Anche con recenti pronunciamenti la Suprema Corte, infatti, ha ribadito che “in tema di licenziamento per motivi disciplinari, le intercettazioni telefoniche o ambientali effettuate in un procedimento penale sono pienamente utilizzabili nel procedimento di cui all'art. 7 della l. n. 300 del 1970, purché legittimamente disposte nel rispetto delle norme costituzionali e procedimentali, non ostandovi i limiti previsti dall'art. 270 c.p.p., riferibili al solo procedimento penale, né il fatto che i verbali di tali intercettazioni siano stati realizzati nella forma del cd. "brogliaccio", senza trascrizione delle stesse, la cui assenza non le priva di ogni efficacia probatoria, giacché la prova è costituita dalle bobine e dai verbali, mentre la trascrizione si esaurisce in una serie di operazioni di carattere meramente materiale, non implicando l'acquisizione di alcun contributo tecnico-scientifico” (Cass. 16 ottobre 2024, n. 26836, Cass. 3 gennaio 2024, n. 109,
Cass. 2 marzo 2017, n. 5317).
La legittimità del licenziamento e la sussistenza della giusta causa del recesso datoriale prescindono, quindi, dall'esistenza di una conclamata responsabilità penale accertata giudizialmente in via definitiva.
Per giusta causa del licenziamento si intende, infatti, la causa che non consente la prosecuzione, neanche provvisoria, del rapporto, ex art. 2119 c.c., che si sostanzia nel grave inadempimento del dipendente ed anche nel grave comportamento del lavoratore contrario alle norme della comune etica o del comune vivere civile, tale da far venir meno il rapporto fiduciario tra datore e lavoratore.
7- Al ricorrente sono stati contestati 20 episodi di furto, verificatisi tra il 2 aprile e il 21 giugno 2023, descritti analiticamente nella lettera di contestazione disciplinare.
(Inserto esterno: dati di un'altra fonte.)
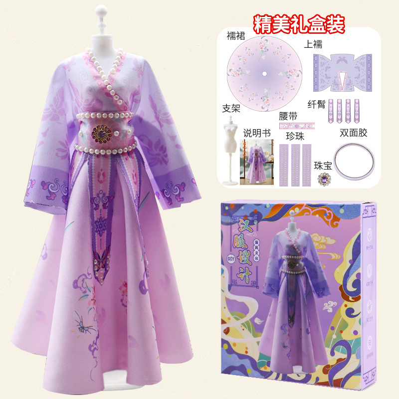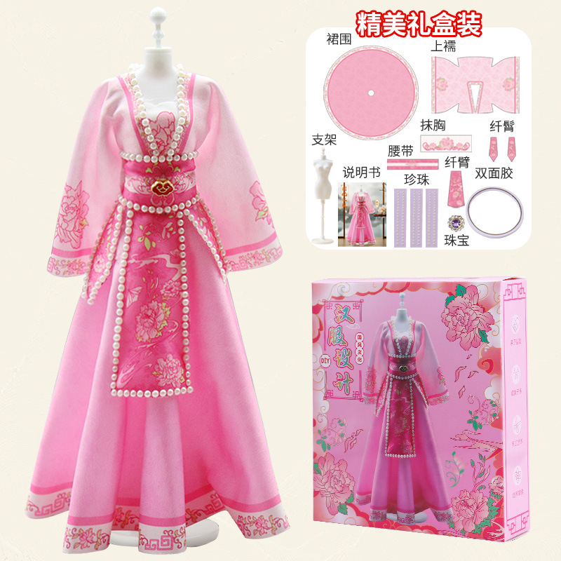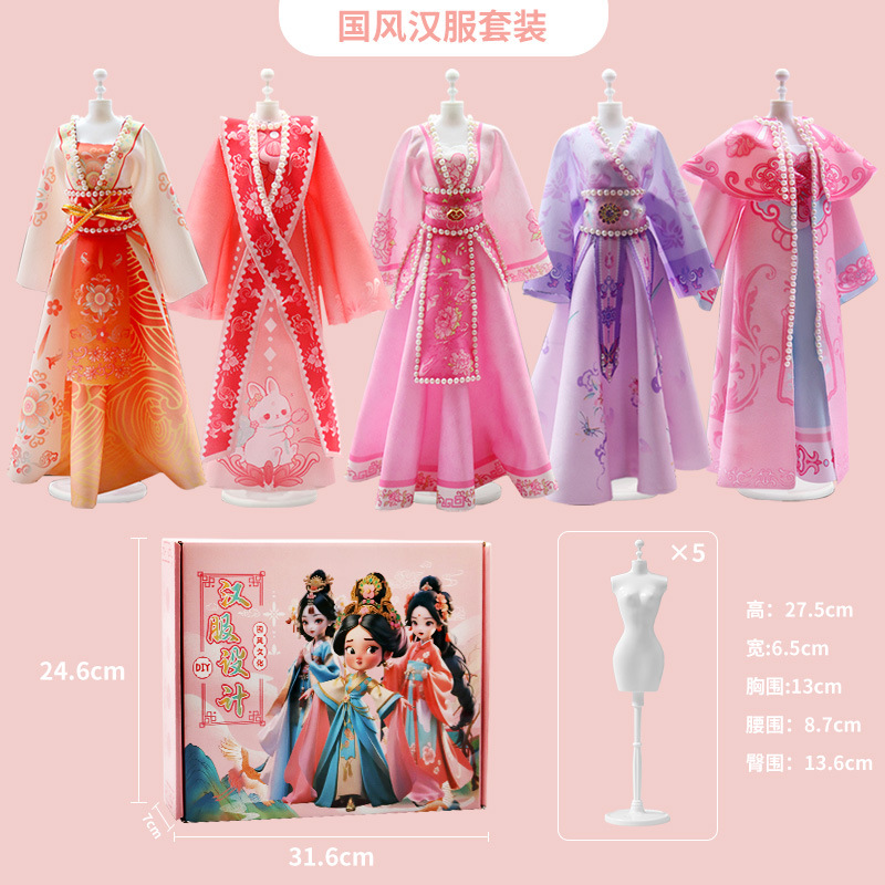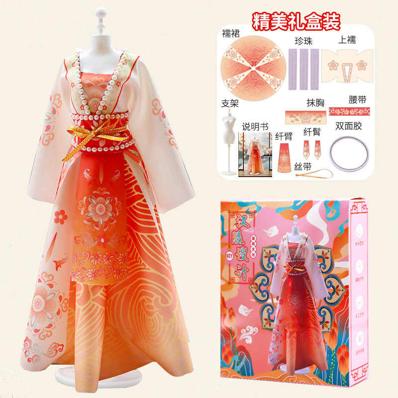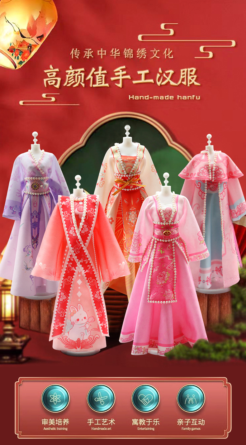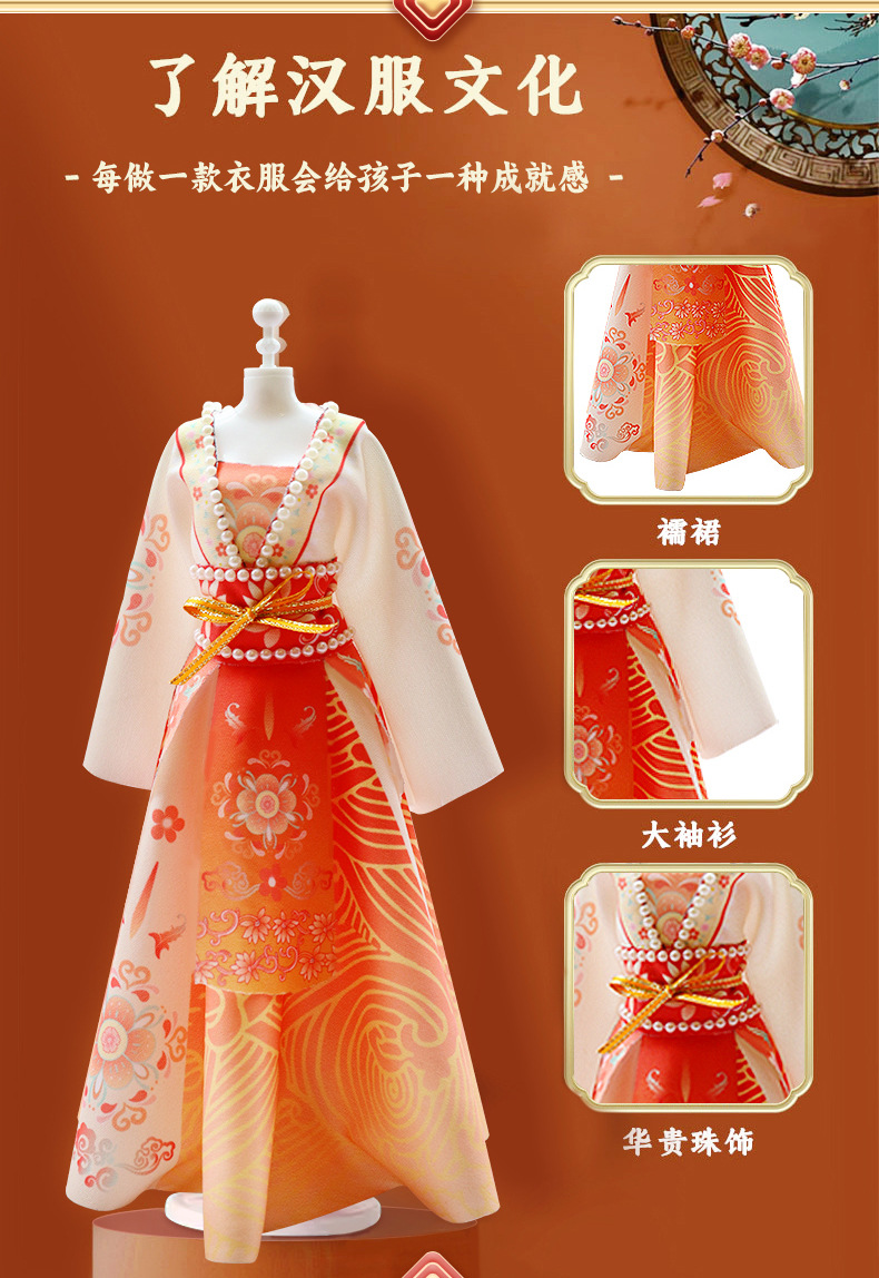 Guofeng Hanfu 수제 DIY 어린이 장난감 한푸 옷 창조적 인 생산 재료 가방 소녀 교육 장난감스토어 가기
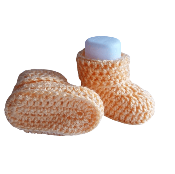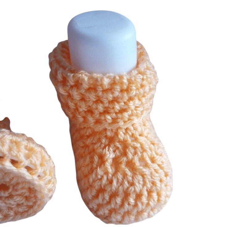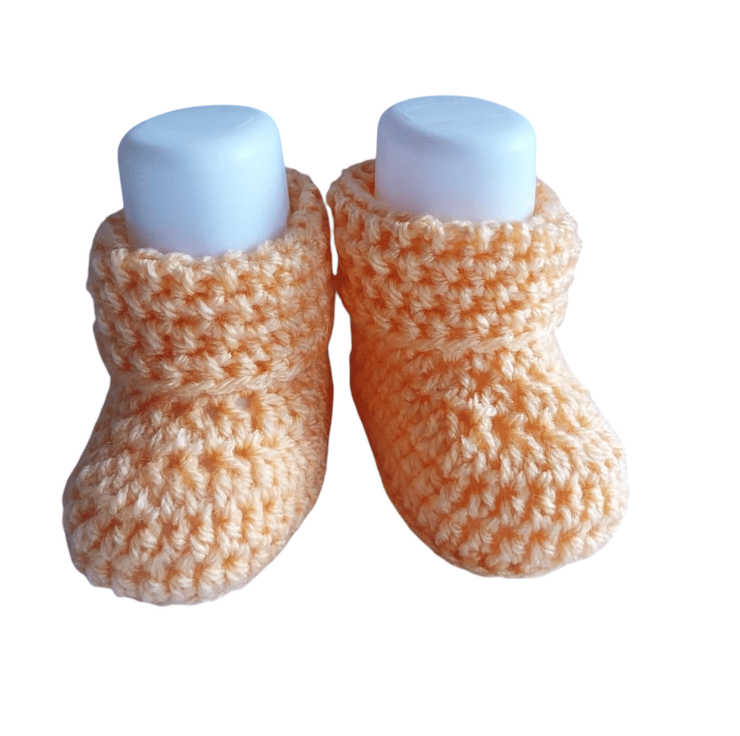 Keep your little one’s toes toasty with these super cute light saffron orange crocheted baby booties! Lovingly handmade, they’re perfect for babies aged 0-3 months. With a soft, snug fit, they guarantee comfort, while the charming design adds a sweet touch to any outfit.

Il ricorrente è stato, per tali fatti, rinviato a giudizio (cfr. pagg. 24 e ss. del decreto di citazione diretta a giudizio) per il reato di cui agli artt. 81, 624, 61, n. 11 c.p. per essersi in plurime occasioni, dal 2 aprile 2023 al 21 giugno 2023, appropriato di gasolio esente da imposta di fabbricazione, asportandolo dai serbatoi dei rimorchiatori che stazionano nella parte finale del Molo Marullo del porto di Milazzo, sottraendolo alla società legittima proprietaria Controparte_1
In particolare, quale impiegato nel turno lavorativo a bordo dei rimorchiatori della società, aveva prelevato il gasolio dal natante trasportando il contenitore nel quale lo aveva versato occultato in borse, borsoni, buste, zaini, di vari colori, riponendolo, poi, o all'interno del furgone di colore bianco Opel Vivaro targato DT204RK o all'interno dell'autovettura Land Rover Defender targata ZA619WC o all'interno del bauletto laterale della motocicletta KTM Targata EY31687.
Il ricorrente è stato altresì rinviato a giudizio per il reato di cui all'art. 81 cpv c.p. e all'art. 40, comma 1, lettera c) D.Lgs. n. 504/1995 perché aveva destinato il gasolio asportato ad usi soggetti ad imposta o a maggiore imposta esenti o ammessi ad aliquote agevolate.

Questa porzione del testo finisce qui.